### TRY IT:
Begin at the first line of the data and copy each line through the one containing "继续从东门出来,就近找了个地", that line included, with no pictures.

### DATA IN THIS EXERCISE:
===============

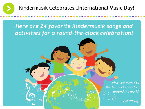 But in honor of the day especially set aside for a worldwide celebration, we are delighted to share 24 favorite Kindermusik activities to help you sing, sway, dance, and play your way through all 24 hours of International Music Day.
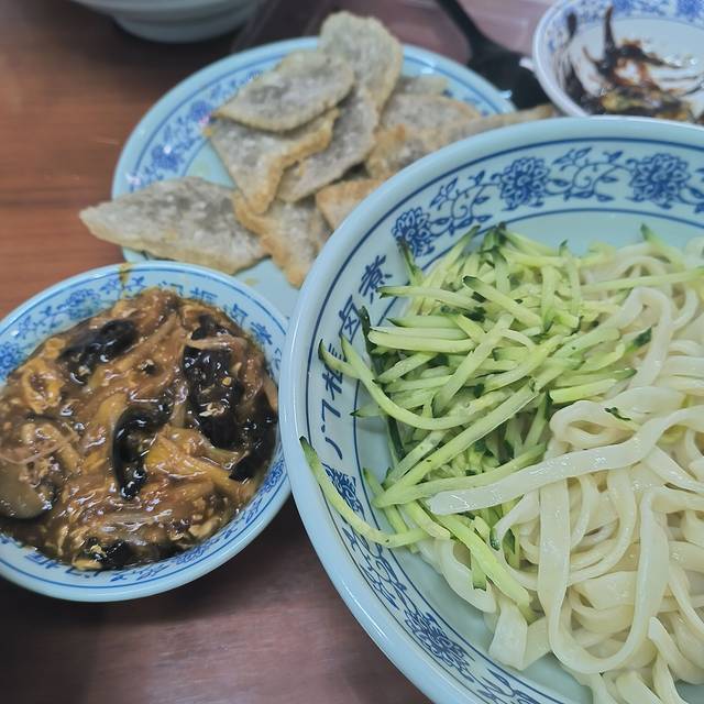 继续从东门出来,就近找了个地方吃饭,点了炸酱面、打卤面、卤煮、炸灌肠、爆肚、麻豆腐,除了麻豆腐是用羊油炒的接受不大了,其他的都可以。
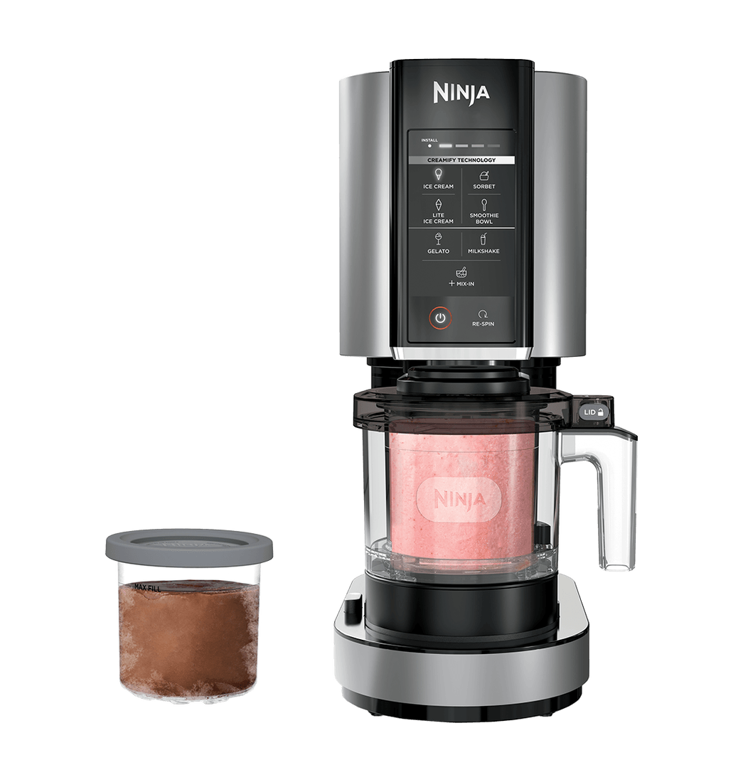 La Máquina para Hacer Helados Ninja Creami transforma bases sólidas congeladas en helados, sorbetes, batidos y más con solo tocar un botón. Creamify Technology de Ninja permite que la Máquina para Hacer Helados descomponga un bloque uniformemente congelado en una textura increíblemente suave y cremosa en minutos.
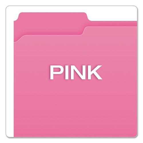 Reinforced Top Tab File Folders, 1/3 Cut, Letter, Pink, 100/Box
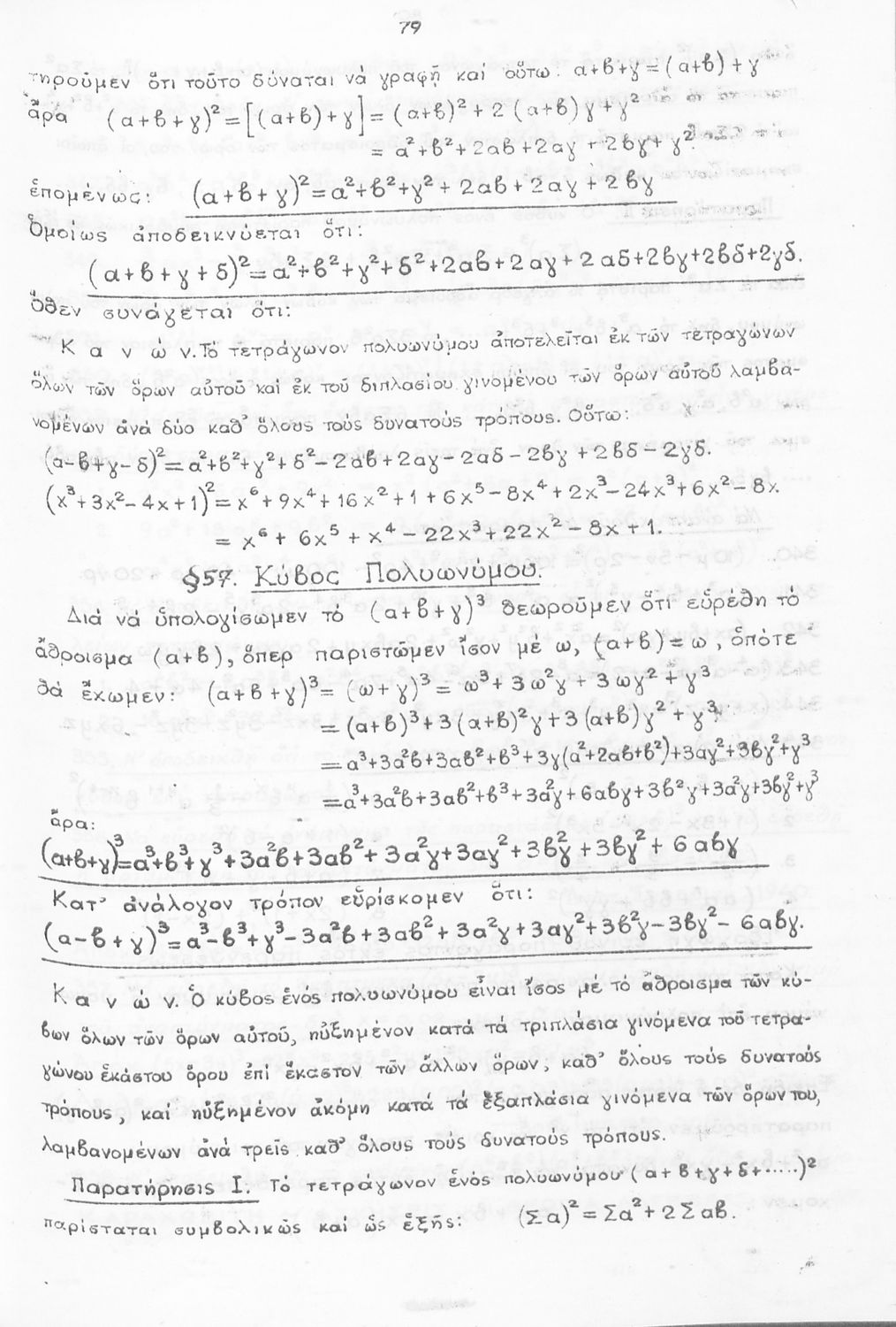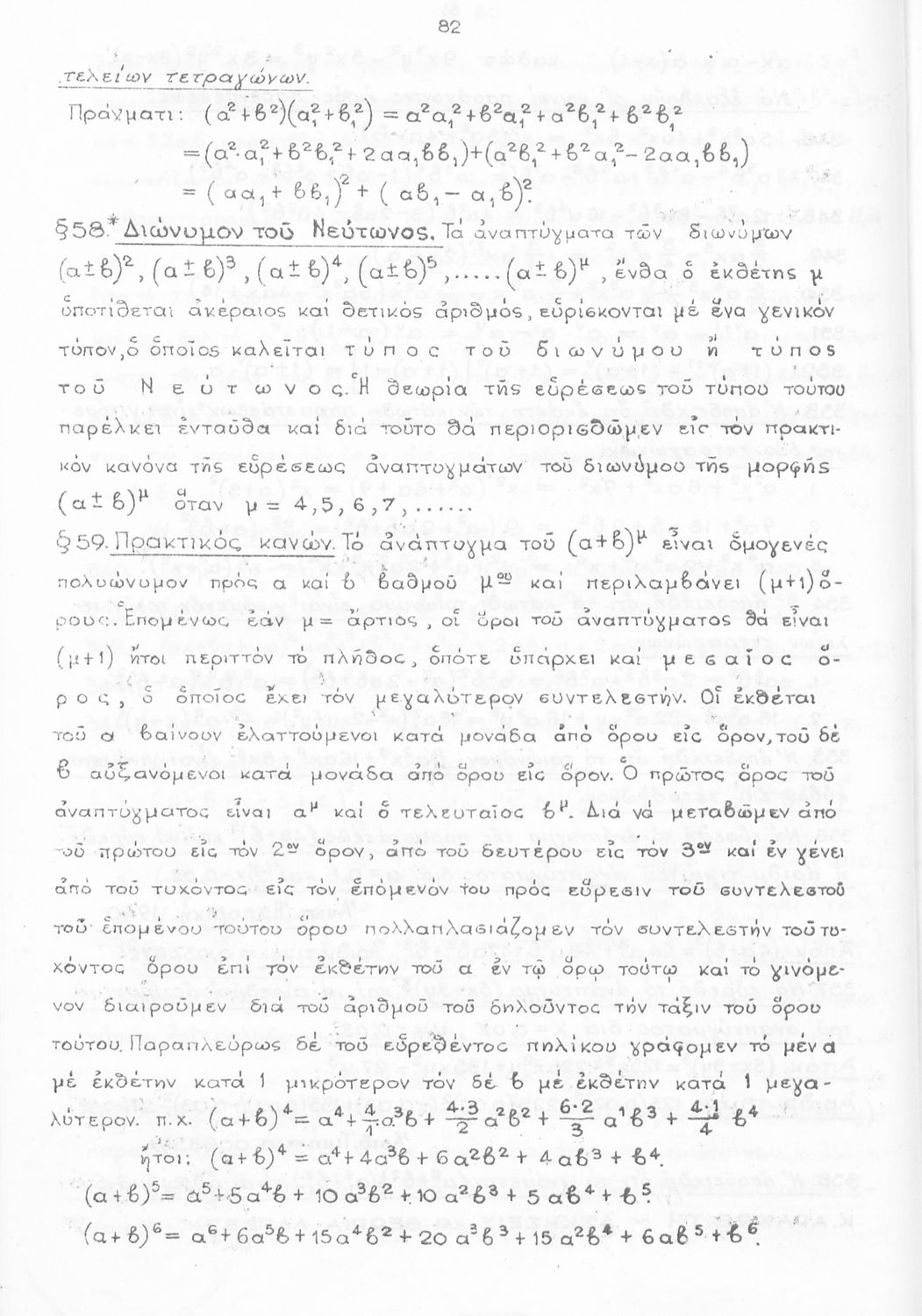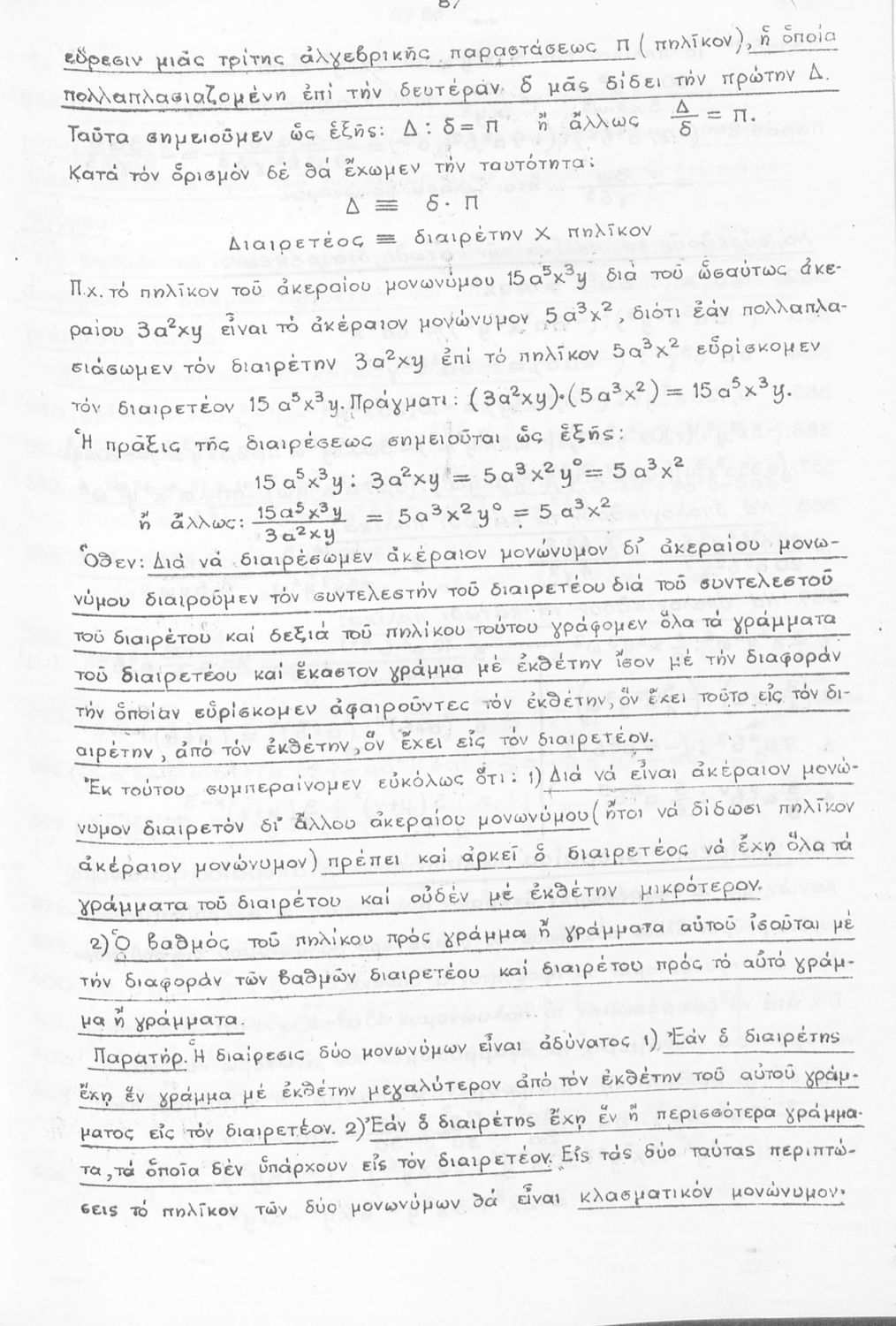 Μαθητικό βοήθημα Άλγεβρας για τους μαθητές των πρακτικών Λυκείων και τους υποψήφιους σχολών του Κράτους. Το βιβλίο περιέχει τις βασικές αλγεβρικές πράξεις, εξισώσεις πρώτου βαθμού, δεύτερου βαθμού και γραφικές

===============

### EXERCISE RESULT:
 But in honor of the day especially set aside for a worldwide celebration, we are delighted to share 24 favorite Kindermusik activities to help you sing, sway, dance, and play your way through all 24 hours of International Music Day.
 继续从东门出来,就近找了个地方吃饭,点了炸酱面、打卤面、卤煮、炸灌肠、爆肚、麻豆腐,除了麻豆腐是用羊油炒的接受不大了,其他的都可以。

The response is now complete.